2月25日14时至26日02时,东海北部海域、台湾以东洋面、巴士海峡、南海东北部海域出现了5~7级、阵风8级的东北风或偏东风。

* * *

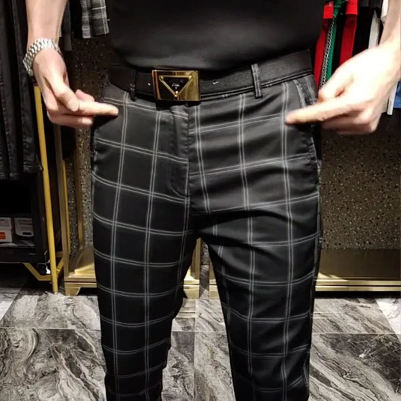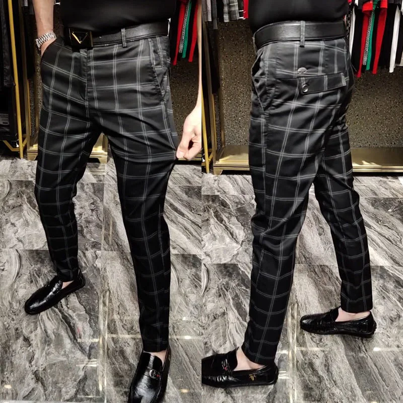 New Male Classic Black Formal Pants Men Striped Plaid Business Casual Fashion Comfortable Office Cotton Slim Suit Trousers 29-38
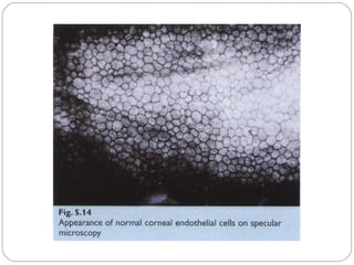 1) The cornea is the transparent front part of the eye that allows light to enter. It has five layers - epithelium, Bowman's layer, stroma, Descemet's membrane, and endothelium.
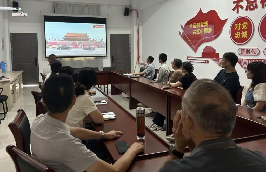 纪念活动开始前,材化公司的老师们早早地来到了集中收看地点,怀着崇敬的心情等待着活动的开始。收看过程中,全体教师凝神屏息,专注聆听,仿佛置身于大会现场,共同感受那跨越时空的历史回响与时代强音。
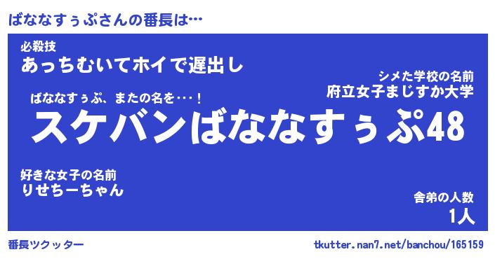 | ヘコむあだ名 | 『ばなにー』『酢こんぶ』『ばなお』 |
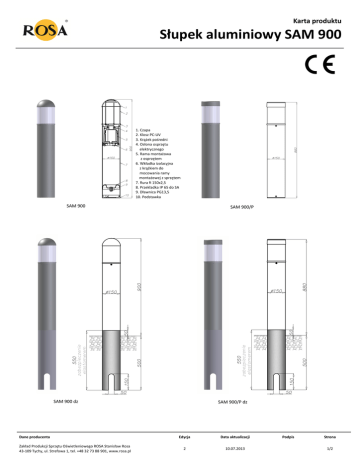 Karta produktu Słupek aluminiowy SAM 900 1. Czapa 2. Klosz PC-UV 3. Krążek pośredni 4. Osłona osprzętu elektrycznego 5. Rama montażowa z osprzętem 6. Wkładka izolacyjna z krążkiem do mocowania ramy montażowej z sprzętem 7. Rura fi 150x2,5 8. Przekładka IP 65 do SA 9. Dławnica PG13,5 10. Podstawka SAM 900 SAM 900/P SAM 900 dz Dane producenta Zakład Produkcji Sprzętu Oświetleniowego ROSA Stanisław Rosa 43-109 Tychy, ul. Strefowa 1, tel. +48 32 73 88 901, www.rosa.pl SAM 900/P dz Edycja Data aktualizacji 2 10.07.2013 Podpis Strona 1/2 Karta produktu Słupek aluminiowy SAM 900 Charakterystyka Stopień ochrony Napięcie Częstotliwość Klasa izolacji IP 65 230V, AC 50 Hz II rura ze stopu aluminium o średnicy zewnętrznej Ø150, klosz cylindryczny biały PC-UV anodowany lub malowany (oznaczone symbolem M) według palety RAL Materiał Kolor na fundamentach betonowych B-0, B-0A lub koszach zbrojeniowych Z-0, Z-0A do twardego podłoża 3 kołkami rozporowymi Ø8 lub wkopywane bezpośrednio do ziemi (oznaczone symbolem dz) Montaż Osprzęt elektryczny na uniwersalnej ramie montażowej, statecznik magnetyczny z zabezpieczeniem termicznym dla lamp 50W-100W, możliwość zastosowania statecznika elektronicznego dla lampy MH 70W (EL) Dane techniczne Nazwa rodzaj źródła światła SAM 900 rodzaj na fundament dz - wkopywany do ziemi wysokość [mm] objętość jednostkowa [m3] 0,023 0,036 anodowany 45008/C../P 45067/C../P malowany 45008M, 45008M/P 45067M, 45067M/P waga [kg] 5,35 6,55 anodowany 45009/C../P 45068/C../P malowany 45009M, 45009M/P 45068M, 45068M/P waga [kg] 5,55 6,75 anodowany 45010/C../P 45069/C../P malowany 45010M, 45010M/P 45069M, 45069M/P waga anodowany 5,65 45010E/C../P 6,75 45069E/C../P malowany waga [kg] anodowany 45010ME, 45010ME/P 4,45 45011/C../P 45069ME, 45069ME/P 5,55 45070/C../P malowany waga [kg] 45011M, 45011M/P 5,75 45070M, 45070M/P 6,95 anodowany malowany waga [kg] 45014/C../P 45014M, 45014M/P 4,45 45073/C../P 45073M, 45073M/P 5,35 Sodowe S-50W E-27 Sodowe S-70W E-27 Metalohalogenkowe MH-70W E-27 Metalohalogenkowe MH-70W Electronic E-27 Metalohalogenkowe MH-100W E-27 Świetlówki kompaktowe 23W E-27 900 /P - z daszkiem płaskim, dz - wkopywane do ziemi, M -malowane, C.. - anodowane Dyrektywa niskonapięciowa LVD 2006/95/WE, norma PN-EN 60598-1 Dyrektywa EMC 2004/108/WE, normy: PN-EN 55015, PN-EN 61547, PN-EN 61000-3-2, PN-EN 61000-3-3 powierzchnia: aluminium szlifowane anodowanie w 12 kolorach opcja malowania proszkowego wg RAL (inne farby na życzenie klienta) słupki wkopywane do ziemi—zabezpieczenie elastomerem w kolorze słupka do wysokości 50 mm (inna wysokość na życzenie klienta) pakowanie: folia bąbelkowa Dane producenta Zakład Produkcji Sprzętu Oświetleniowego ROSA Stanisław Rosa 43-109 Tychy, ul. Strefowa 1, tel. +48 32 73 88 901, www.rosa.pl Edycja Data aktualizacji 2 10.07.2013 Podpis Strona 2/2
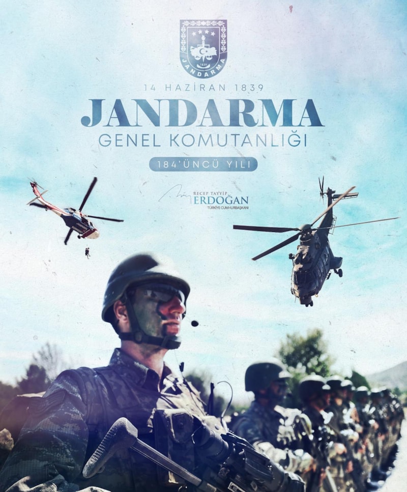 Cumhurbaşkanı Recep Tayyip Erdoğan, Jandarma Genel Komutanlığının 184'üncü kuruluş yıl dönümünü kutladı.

» TASK REQUIREMENTS:
In the listing above, find the line with "New Male Classic" and output it and every line after it up to and including the line with "ヘコむあだ名 | 『ばなにー』『酢こんぶ』『ばなお』 |", exactly, minus the pictures.

» YOUR RESPONSE:
 New Male Classic Black Formal Pants Men Striped Plaid Business Casual Fashion Comfortable Office Cotton Slim Suit Trousers 29-38
 1) The cornea is the transparent front part of the eye that allows light to enter. It has five layers - epithelium, Bowman's layer, stroma, Descemet's membrane, and endothelium.
 纪念活动开始前,材化公司的老师们早早地来到了集中收看地点,怀着崇敬的心情等待着活动的开始。收看过程中,全体教师凝神屏息,专注聆听,仿佛置身于大会现场,共同感受那跨越时空的历史回响与时代强音。
 | ヘコむあだ名 | 『ばなにー』『酢こんぶ』『ばなお』 |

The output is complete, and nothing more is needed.